Problem requirements → The task for the listing below is to write out exactly the lines starting at the one containing "Volunteer girls dress" and ending at the one containing "I'd like to", both included. Pictures are to be omitted.

Record extracts →
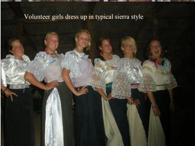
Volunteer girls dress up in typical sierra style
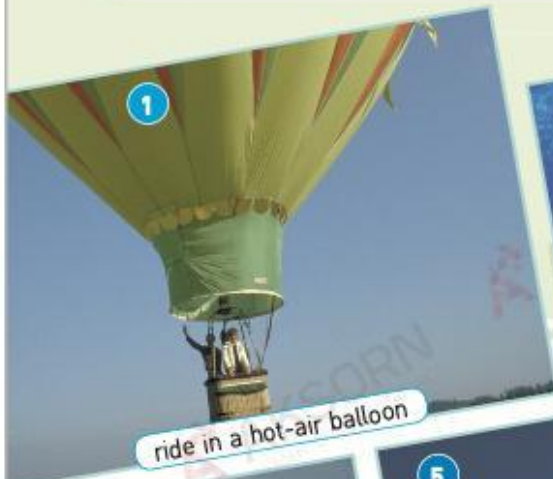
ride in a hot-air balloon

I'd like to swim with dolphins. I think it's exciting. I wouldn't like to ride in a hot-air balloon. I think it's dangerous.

...

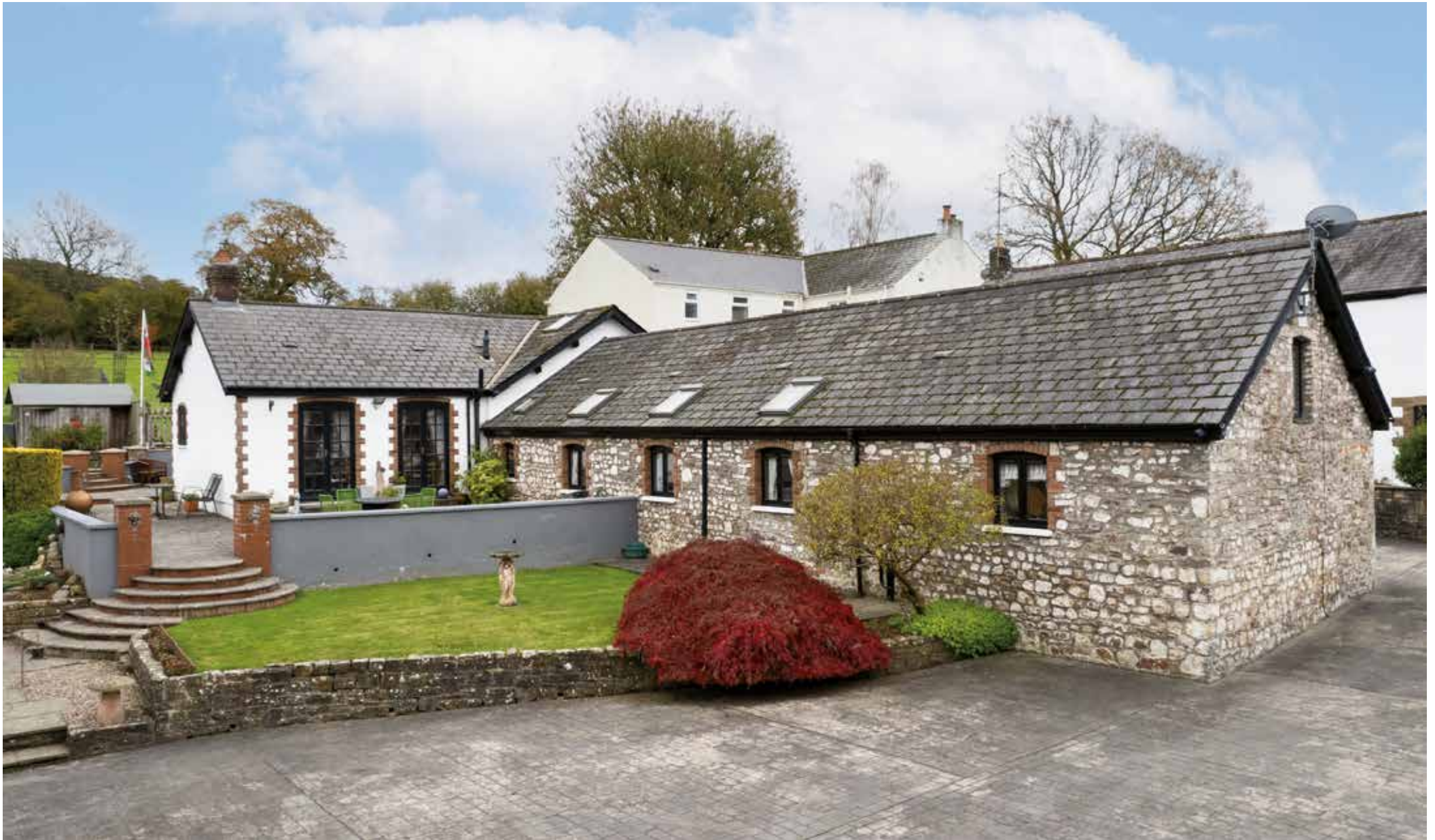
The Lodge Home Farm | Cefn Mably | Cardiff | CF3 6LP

Problem solution →
Volunteer girls dress up in typical sierra style
ride in a hot-air balloon

I'd like to swim with dolphins. I think it's exciting. I wouldn't like to ride in a hot-air balloon. I think it's dangerous.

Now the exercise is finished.